Film Müziği Nasıl Yapılır

Başından sonuna kadar tüm yapım sürecini temel hatlarıyla anlatacağım. Kaba hatlarıyla, kısa bir yazı olacak. Zira her aşamanın apayrı detayları var. Buradaki her bölüm için farklı bir kitap yazılabilir ve uzmanlaşmak bir ömür sürebilir. Okumak yerine video tercih edenler hemen aşağıya bakabilir. Tamamen aynı içerik ancak ben yine de belirteyim. Okursanız daha akılda kalıcı olacaktır.

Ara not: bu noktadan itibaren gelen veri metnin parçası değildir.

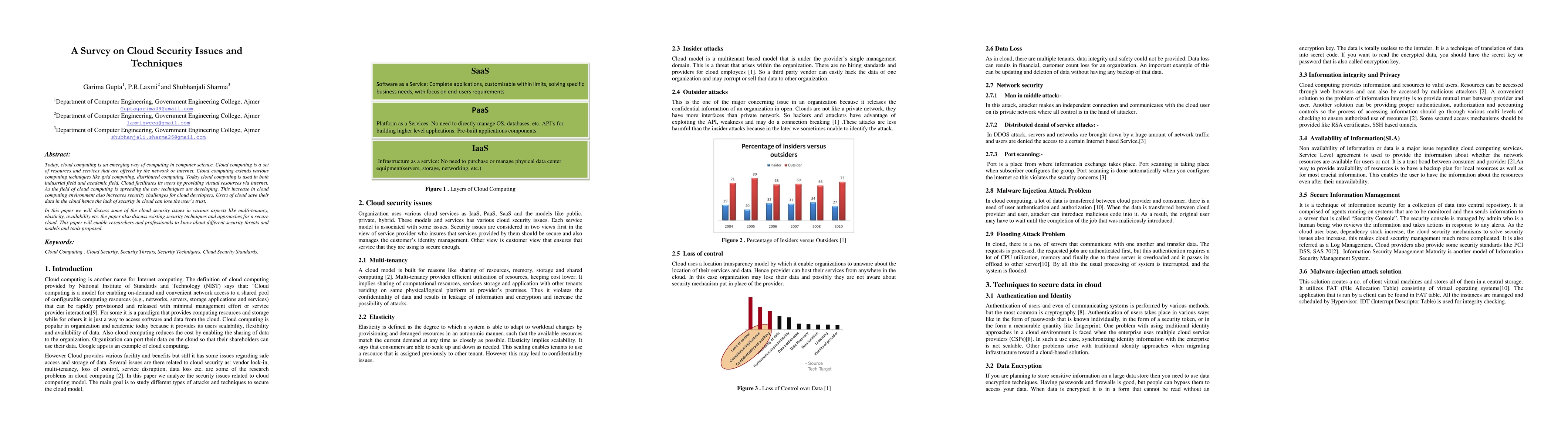 This paper surveys cloud security issues, including challenges in multi-tenancy, elasticity, and availability, and discusses existing security techniques and approaches to secure cloud environments. It aims to inform researchers and professionals on various security threats and proposed models and tools.
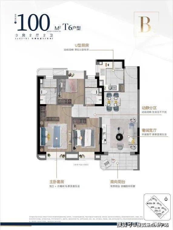 建筑面积约100㎡/118㎡三房两厅两卫,三口之家/三代同堂从容满足,南北通透外,餐客一体,动静分离居住舒适度更高,三开间朝南,三房全飘窗,日常在阳台上饲花弄草,生活将被赋予高仪式感。
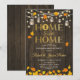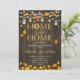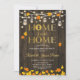Rustik inflyttningsinbjudan med mörkt brun trästruktur och stränglyktor. Innehåller murslevar, höst höstlöv och skrivstil. Hemma är bäst! Perfekt för en rustik fest. Vänligen kontakta mig om du behöver ytterligare anpassning.
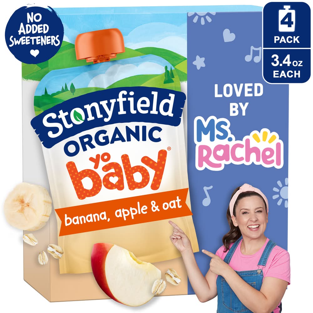 Recommended for babies 6 months - 2 years among refrigerated yogurts Support brain health. This product supports brain health when consumed regularly as part of a balanced diet and healthy lifestyle. 5 live active cultures: S. Thermophilus, L. Bulgaricus, L. Acidophilus, Bifidus, and L. Paracasei. No harmful pesticides. Organic standards prohibit the use of pesticides that are harmful to human health and the environment. • Flavor: Banana apple & oat • Pack size: 4 • Stonyfield Farm, Inc., Londonderry,NH,03053
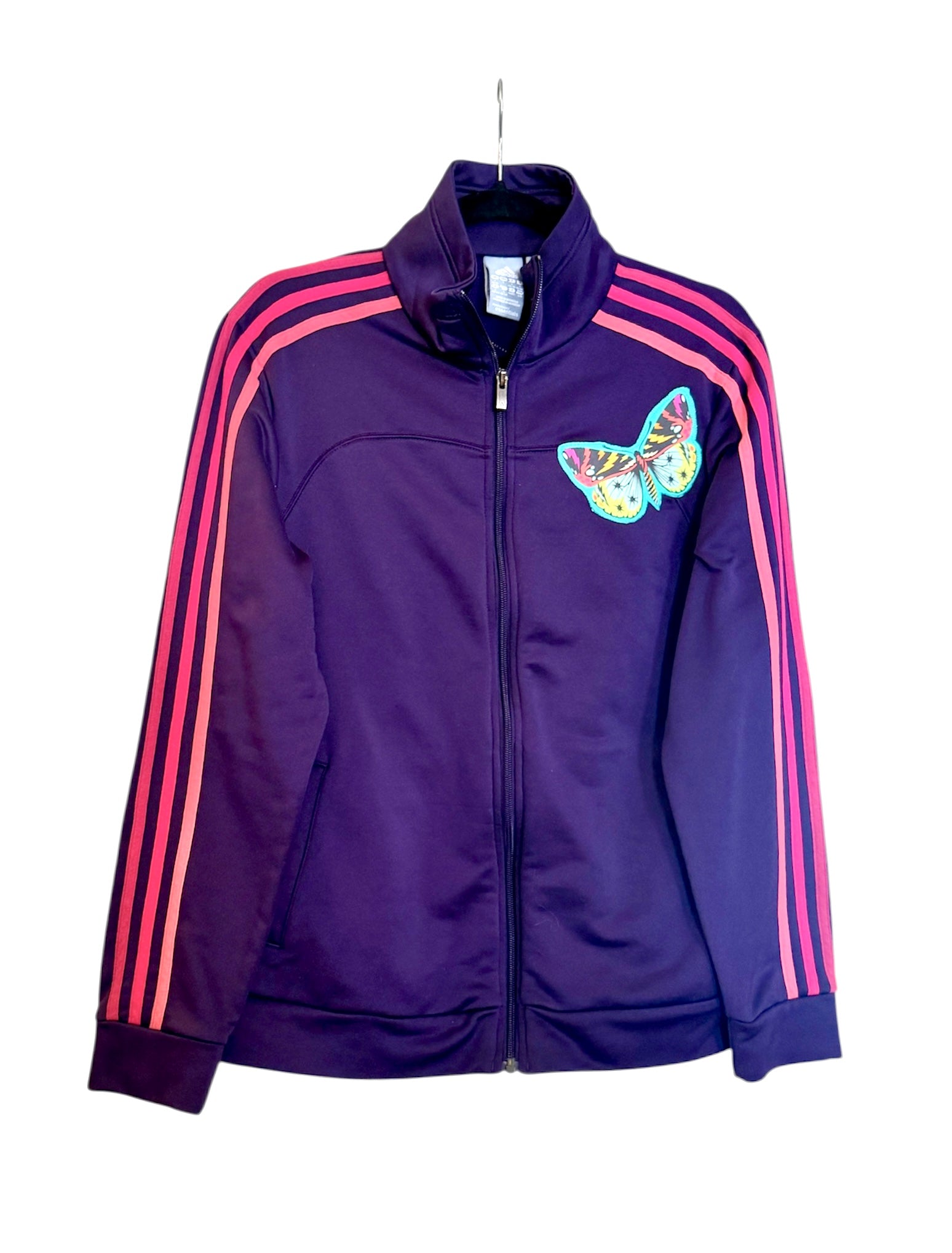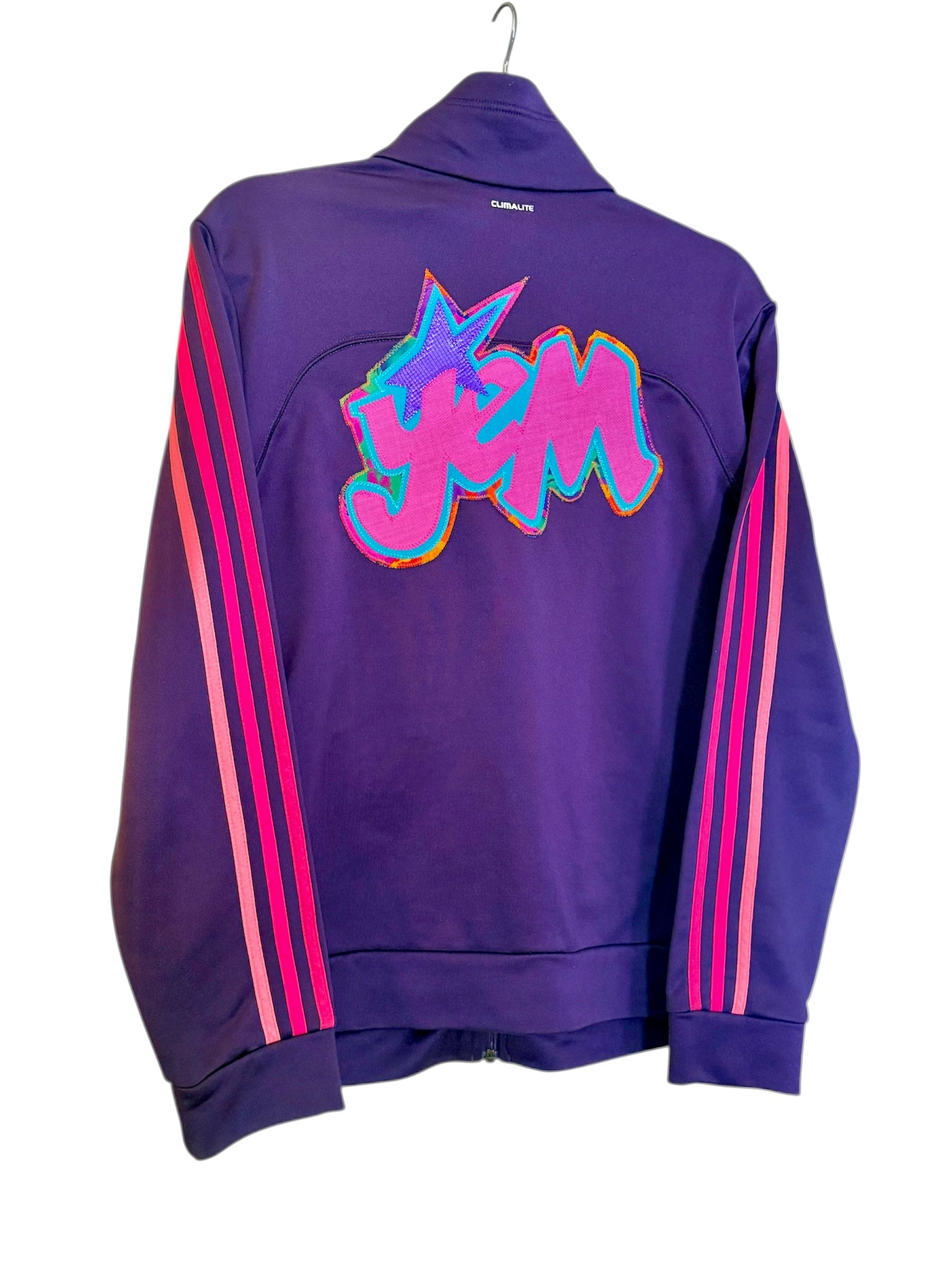 Adidas jacket size large Secondhand sourced with added sewn appliqué patches. One of a kind color combinations & design.
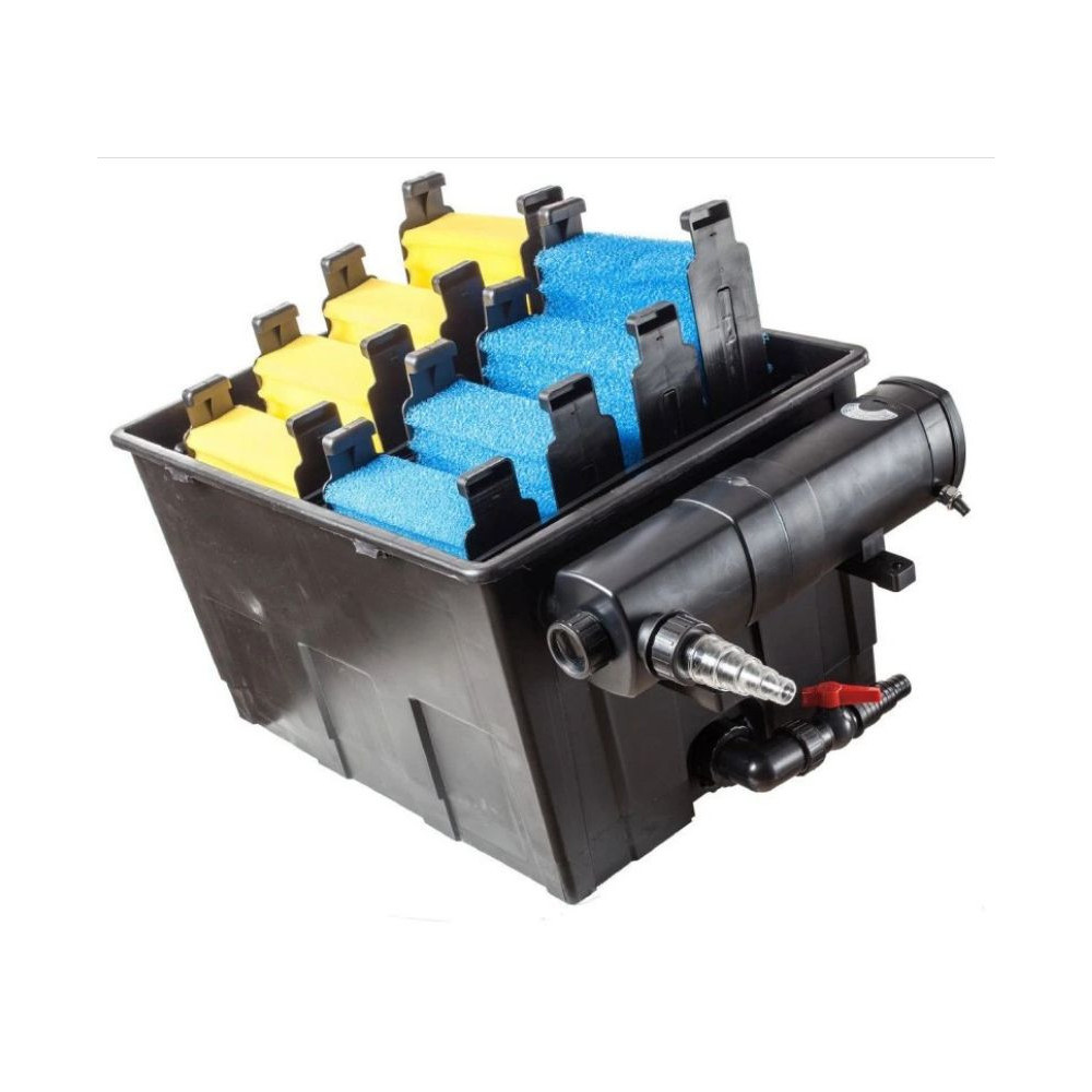 Beztlakový filtrační set pro jezírka obsahuje filtr, UV lampu a čerpadlo F-12000 a 5m hadice 1 1/4". Je vhodný pro okrasné nádrže do 25m3 a s koi do 8m3.

Başlıkta film müziği dedim ancak bazı değişiklikler dışında TV, reklam veya oyun müzikleri de aynı aşamalardan geçerek yapılır.

Varsayımlar

Müzik için bilgisayar teknolojisini kullanmaya geçmeden önce, akor, gam, melodi, ritim gibi temel müzik teorisi bilgilerine hakimsiniz diye varsayıyorum. Şahsi gözlemime göre bir bilgisayar sahibi olup, 3-5 program indirdikten sonra hemen müzik yapabilirim diye düşünen pek çok genç arkadaş var. Film müziği yazmak/yapmak için hem müzik, hem teknoloji bilgisine sahip olmanız şart. Bilgisayarla aranız iyi olacak.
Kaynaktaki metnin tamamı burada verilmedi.